WHAT TO DO: How many lines in the records below contain the string "Fumba"? Answer with the number alone.

Start of MATERIAL FOR THIS EXERCISE

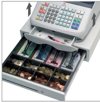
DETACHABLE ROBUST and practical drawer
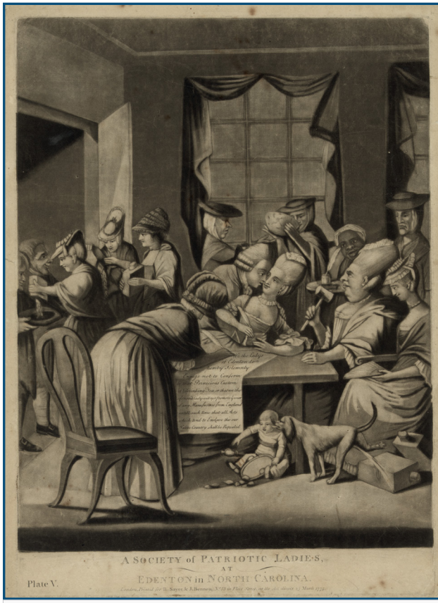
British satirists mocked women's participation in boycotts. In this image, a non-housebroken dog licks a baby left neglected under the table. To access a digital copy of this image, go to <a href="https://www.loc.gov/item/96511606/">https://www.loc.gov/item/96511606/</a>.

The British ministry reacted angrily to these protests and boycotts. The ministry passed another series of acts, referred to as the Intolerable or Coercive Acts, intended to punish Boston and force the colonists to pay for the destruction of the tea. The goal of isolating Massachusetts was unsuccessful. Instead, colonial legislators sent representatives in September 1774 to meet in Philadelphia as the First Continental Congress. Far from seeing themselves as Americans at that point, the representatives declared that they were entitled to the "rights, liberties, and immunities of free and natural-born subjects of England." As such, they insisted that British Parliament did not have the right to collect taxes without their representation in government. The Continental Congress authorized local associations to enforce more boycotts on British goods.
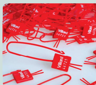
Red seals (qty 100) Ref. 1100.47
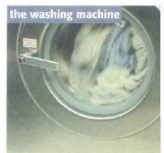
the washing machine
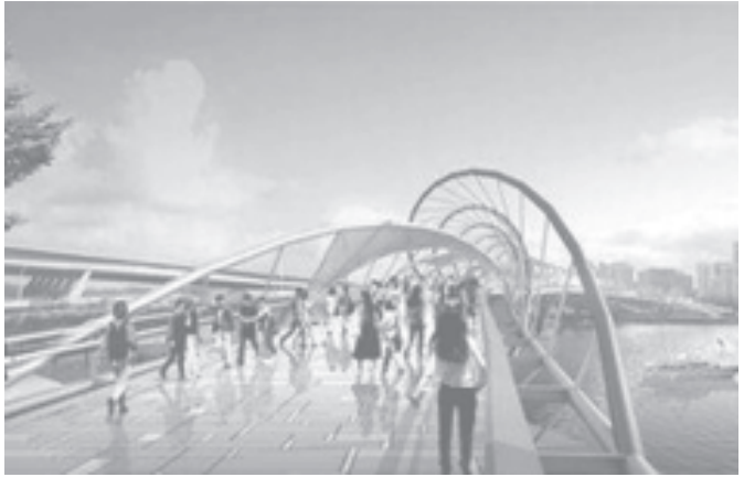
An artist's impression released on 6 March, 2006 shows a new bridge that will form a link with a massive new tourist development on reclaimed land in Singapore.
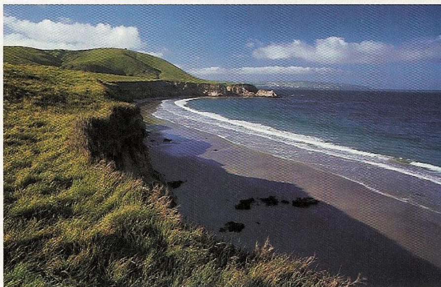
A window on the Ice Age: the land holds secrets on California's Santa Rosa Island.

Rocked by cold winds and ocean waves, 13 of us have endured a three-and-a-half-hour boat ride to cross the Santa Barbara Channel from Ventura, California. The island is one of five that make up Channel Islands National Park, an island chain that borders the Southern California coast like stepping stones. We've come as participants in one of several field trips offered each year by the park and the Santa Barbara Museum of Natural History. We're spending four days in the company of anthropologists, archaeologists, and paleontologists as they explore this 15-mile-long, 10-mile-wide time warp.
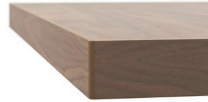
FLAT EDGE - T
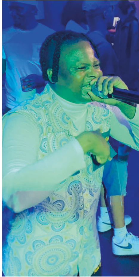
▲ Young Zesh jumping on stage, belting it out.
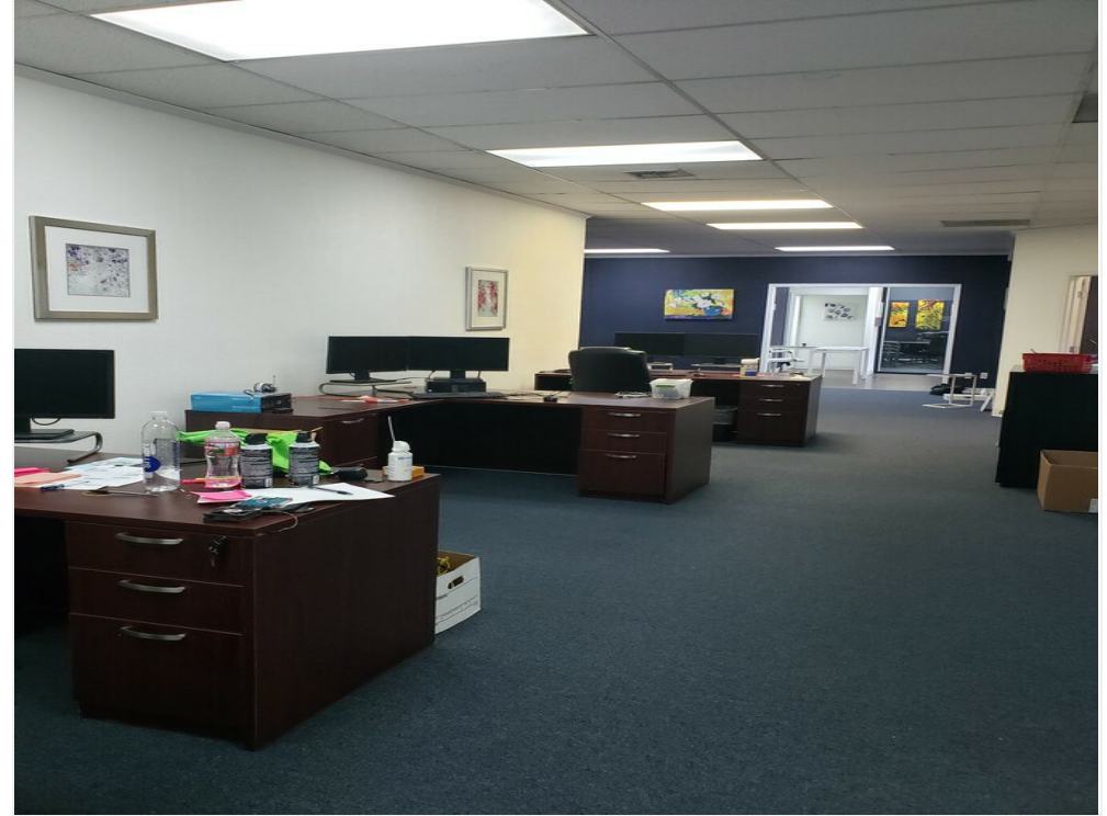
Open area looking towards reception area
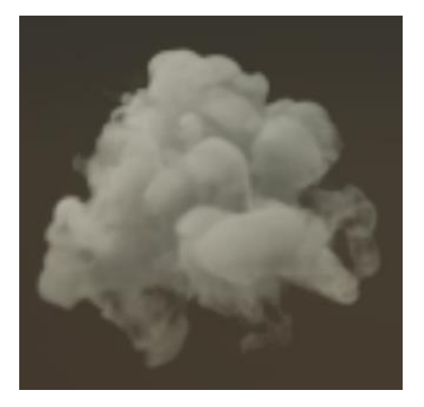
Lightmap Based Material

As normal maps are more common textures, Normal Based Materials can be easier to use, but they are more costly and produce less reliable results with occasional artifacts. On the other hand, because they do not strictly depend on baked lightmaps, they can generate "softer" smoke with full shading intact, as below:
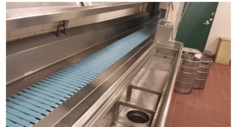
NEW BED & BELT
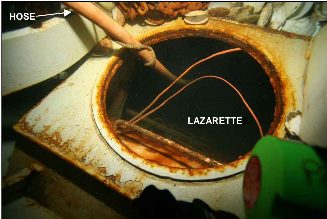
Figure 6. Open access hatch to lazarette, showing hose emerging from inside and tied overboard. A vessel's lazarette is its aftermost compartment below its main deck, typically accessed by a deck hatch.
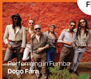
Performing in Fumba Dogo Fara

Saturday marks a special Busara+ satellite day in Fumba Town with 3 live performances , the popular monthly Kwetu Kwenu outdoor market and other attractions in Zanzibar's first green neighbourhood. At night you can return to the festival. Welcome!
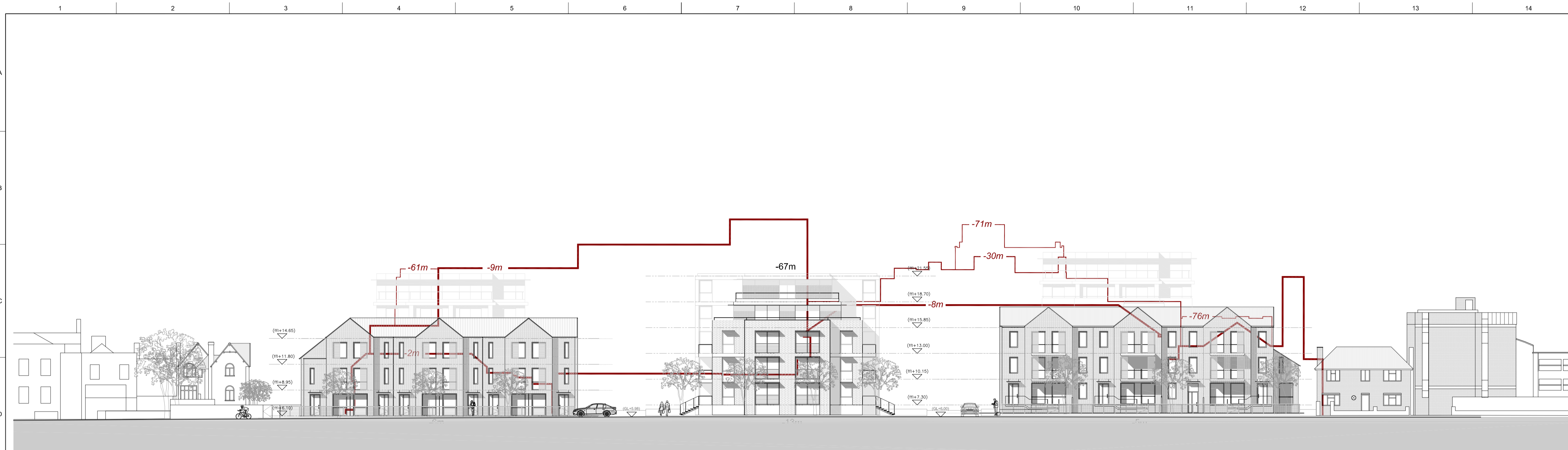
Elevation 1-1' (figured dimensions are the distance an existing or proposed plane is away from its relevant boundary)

End of MATERIAL FOR THIS EXERCISE
Start of MATERIAL FOR THIS EXERCISE

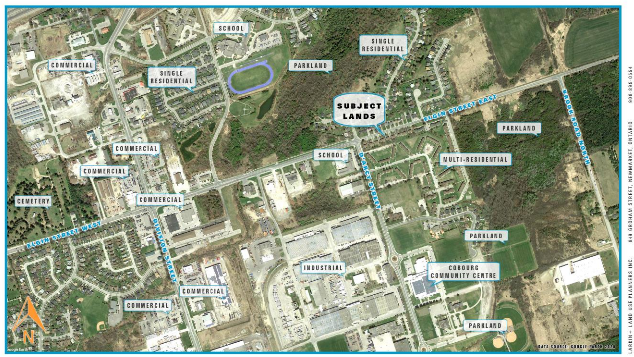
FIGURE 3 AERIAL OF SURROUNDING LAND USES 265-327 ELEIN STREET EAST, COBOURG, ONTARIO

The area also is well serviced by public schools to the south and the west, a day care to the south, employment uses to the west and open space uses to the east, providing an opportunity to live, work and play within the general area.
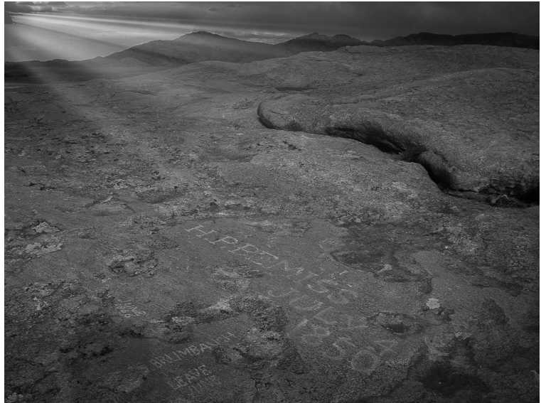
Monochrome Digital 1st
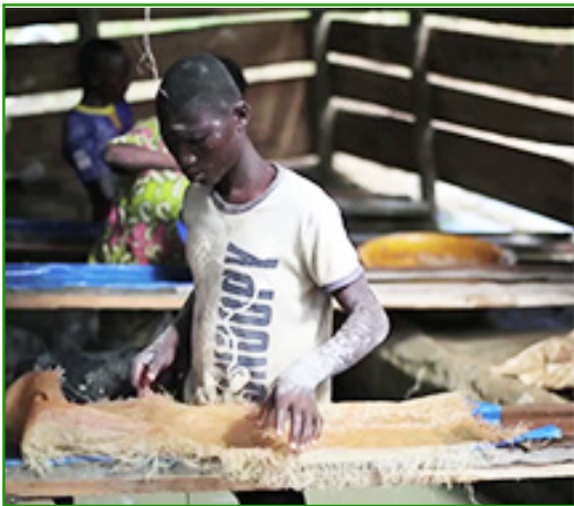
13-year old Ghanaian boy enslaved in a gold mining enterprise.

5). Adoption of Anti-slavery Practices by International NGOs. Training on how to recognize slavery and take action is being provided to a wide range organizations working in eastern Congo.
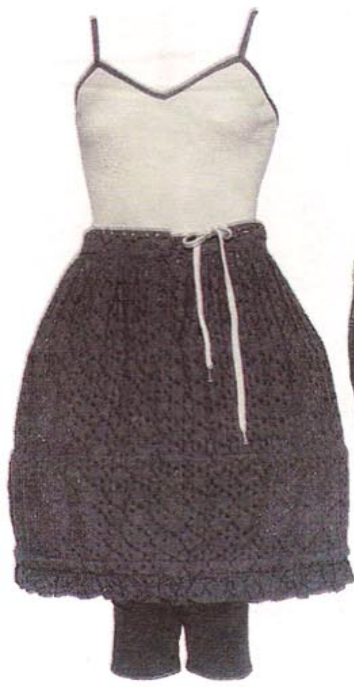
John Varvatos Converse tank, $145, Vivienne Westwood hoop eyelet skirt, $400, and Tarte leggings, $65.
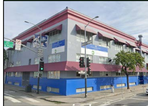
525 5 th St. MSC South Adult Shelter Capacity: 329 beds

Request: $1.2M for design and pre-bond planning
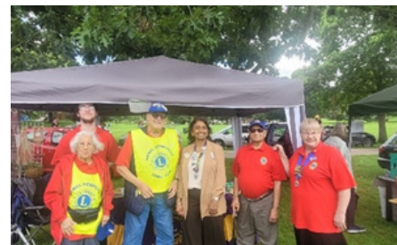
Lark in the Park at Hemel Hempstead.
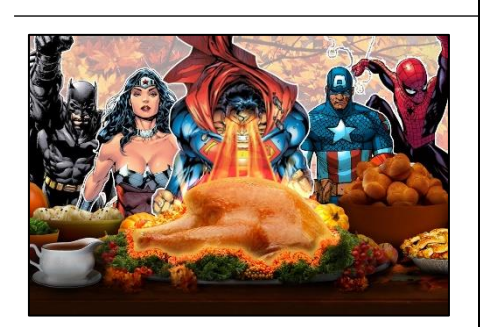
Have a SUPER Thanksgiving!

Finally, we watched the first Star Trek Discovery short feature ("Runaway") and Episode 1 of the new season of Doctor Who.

End of MATERIAL FOR THIS EXERCISE

EXERCISE OUTPUT: 2